■ YOUR GOAL
From the entries below, return only the lines starting at the one that contains "- FLEXIBLE MOBILITY" and ending at the one that contains "KTM Duke 125", exactly as they stand.

■ SUPPLIED MATERIAL

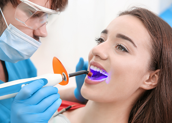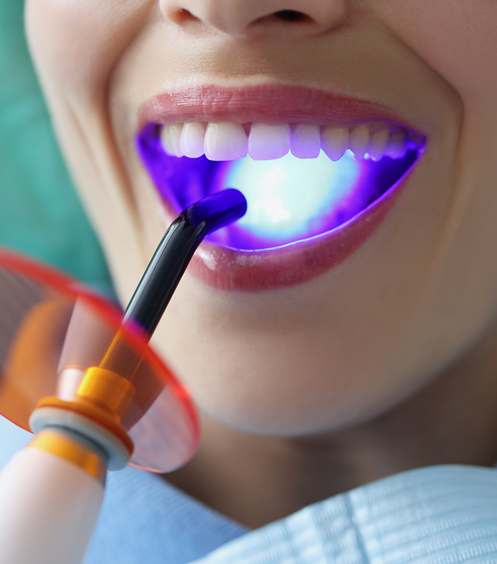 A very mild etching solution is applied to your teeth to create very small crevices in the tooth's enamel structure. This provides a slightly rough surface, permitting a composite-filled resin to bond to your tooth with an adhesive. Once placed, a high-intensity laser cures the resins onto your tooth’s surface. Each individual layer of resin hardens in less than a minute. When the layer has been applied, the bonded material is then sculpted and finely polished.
==
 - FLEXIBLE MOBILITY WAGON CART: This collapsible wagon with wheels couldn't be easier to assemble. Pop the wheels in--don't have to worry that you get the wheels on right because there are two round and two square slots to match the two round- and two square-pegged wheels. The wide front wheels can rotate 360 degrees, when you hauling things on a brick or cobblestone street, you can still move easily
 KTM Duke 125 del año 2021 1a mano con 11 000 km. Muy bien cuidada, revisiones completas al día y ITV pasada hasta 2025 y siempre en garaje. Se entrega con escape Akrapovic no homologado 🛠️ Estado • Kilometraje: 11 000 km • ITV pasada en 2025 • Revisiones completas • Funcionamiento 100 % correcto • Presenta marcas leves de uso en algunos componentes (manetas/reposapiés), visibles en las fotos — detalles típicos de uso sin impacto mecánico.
--
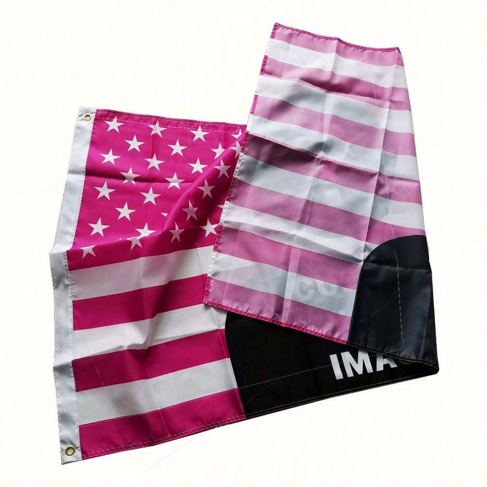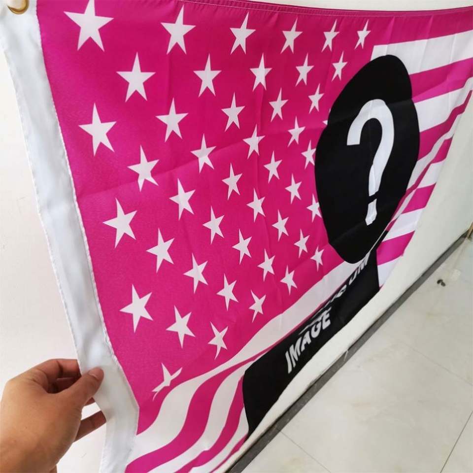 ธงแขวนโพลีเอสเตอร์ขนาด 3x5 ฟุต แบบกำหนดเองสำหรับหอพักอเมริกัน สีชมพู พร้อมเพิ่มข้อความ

■ RESULT
 - FLEXIBLE MOBILITY WAGON CART: This collapsible wagon with wheels couldn't be easier to assemble. Pop the wheels in--don't have to worry that you get the wheels on right because there are two round and two square slots to match the two round- and two square-pegged wheels. The wide front wheels can rotate 360 degrees, when you hauling things on a brick or cobblestone street, you can still move easily
 KTM Duke 125 del año 2021 1a mano con 11 000 km. Muy bien cuidada, revisiones completas al día y ITV pasada hasta 2025 y siempre en garaje. Se entrega con escape Akrapovic no homologado 🛠️ Estado • Kilometraje: 11 000 km • ITV pasada en 2025 • Revisiones completas • Funcionamiento 100 % correcto • Presenta marcas leves de uso en algunos componentes (manetas/reposapiés), visibles en las fotos — detalles típicos de uso sin impacto mecánico.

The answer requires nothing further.